The corpulent man, in his Georgia/Alabama/Mississippi accent, tries to communicate with a boatman on the island to ask directions. With enunciation that would make any choral director proud, he speaks slowly and loudly: "Excuz-ay Maah-sir. We are lost." The boatman replies "Anh?" The even-more-corpulent wife, in her ruffled frock and pearls, taps her husband and says, "Let me try, Daddy." She approachs the boatman with a coquettish look and, using grotesque imitation sign language, says slowly and distinctly (and even more loudly), "We are aliens here, unable to fiiiiind passage off island." The boatman looks at them, then points in the direction of the boat that will take them off the island and says, in impeccable accented English, "Why don't you just walk into the water until your lungs fill up and you die?"

It is too funny. It is what you wish you could say to every stupid tourist you encounter on the streets of Tucson or Washington or wherever they are.

Listening to this exchange suddenly took me back to 1993 in Quitzerow, Germany, where Tyler was an exchange student.
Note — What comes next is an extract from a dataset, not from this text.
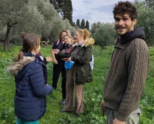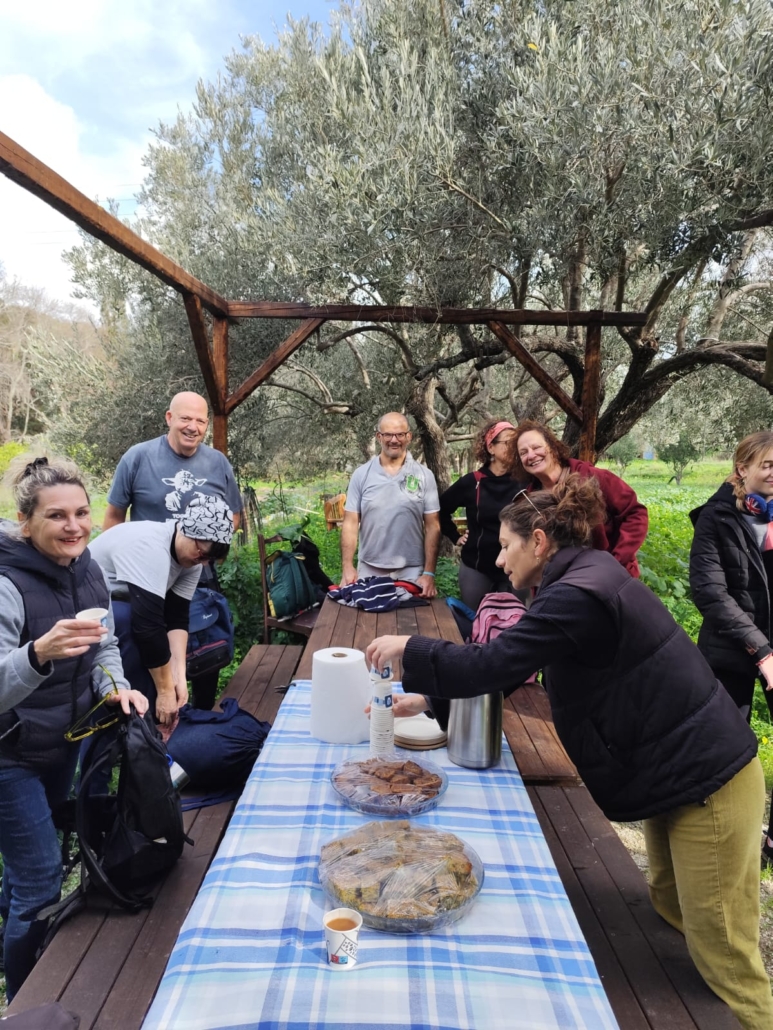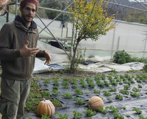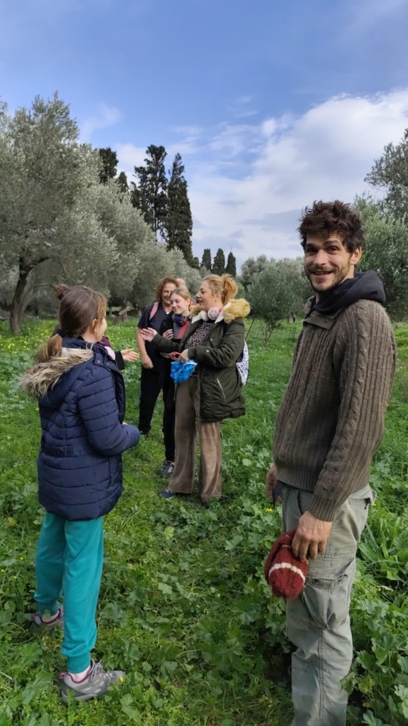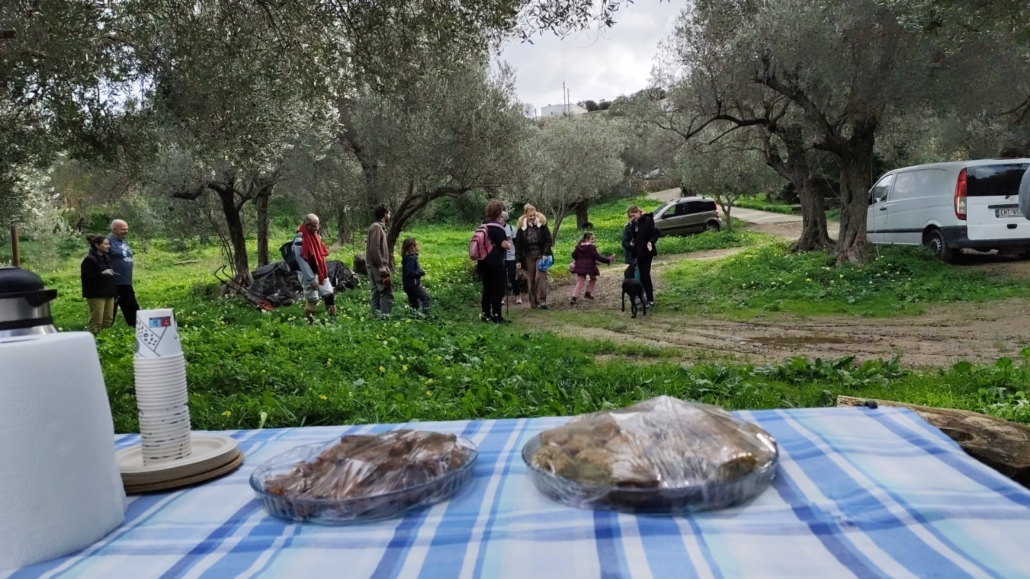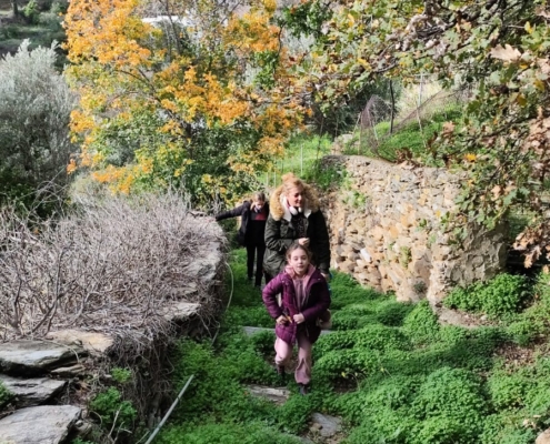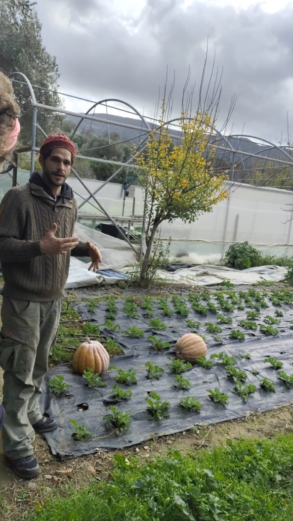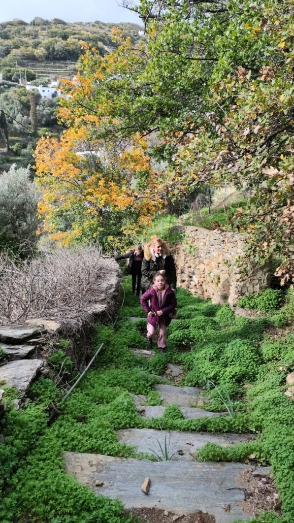 Κάναμε ένα σύντομο διάλειμμα στη Ράουσα και στη συνέχεια αποκλίναμε από τη διαδρομή 1 και, ακολουθώντας ένα τοπικό μη σηματοδοτημένο μονοπάτι, κατηφορίσαμε με προορισμό το φυσικό αγρόκτημα Λειβάδα. Εκεί μας υποδέχτηκαν οι πάντα φιλόξενοι Αλέξανδρος και Δήμητρα προσφέροντάς μας σπιτική κολοκυθόπιτα και ζεστό κακάο. Ο Αλέξανδρος μας ξενάγησε στο αγρόκτημα και μας μίλησε για τις φυσικές μεθόδους καλλιέργειας, με σεβασμό στο περιβάλλον και τη φύση. Έπειτα, είχαμε την ευκαιρία να συλλέξουμε λαχανικά και φρούτα από το αγρόκτημα, κάνοντας την εμπειρία μας ακόμη πιο βιωματική.

My then-husband, Bob, and I flew to Berlin, I think, and rented a car to drive up to Quitzerow, Mecklenburg-Vorpommern, where Tyler was living with his host family, the Pagels. This was Tyler's second host family and they were a nice family with twin sons a little older than Tyler. They lived in the former East and had a fencing business that had enabled them to come out of the communism successfully. But because of their geographic location, their second language was not English, as we had expected when Tyler went to live there, but, rather, Russian.

As Bob and I were planning the trip, we had assumed that we would be able to get along on my "nur ein bischen Deutsch" from college because we understood that most everyone spoke English. Alas, the Pagels spoke almost no English. Poor Tyler was stuck translating for this entire trip.

Bob, being a country boy, a good ol' boy, had quite a vocabulary of colloquialisms. He was trying to be cordial and say things to Herr Pagel, but when Herr Pagel didn't understand, he would just say it again slower and louder. Or turn to Tyler and ask him to translate something. The two men were shooting pool one evening and Bob asked Tyler, "How do you say 'bells and whistles'?" Umm, you don't. It doesn't translate.

My memories of this trip are chock-full of uncomfortable situations because of Bob's total absorption with himself. (You only need refer back to my stories of doing a sinkful of dishes at 10:00 at night after my four-hour commute and a full day at work and an evening of teaching piano, while he and his son sat in front of the television, to understand the validity of that statement.) Some of the memories were of awkward situations, and some just of typical ignorance.

And some just plain funny: Bob, who lived in Hillsboro, Virginia, was a big civil war buff. And he loved to know the history of places as we drove the back roads from Hillsboro up to his parents' home in Buck Valley, Warfordsburg, Pennsylvania. So when we were driving along a road in Germany, he saw a historic marker beside the road and pulled off to read it, before realizing it was in German.

I think by the time the trip was over, Tyler was hoping this would not be the marriage to last the rest of my life.

1 comment:

Jenn said...

Maybe its a trait shared by those named "Bob"....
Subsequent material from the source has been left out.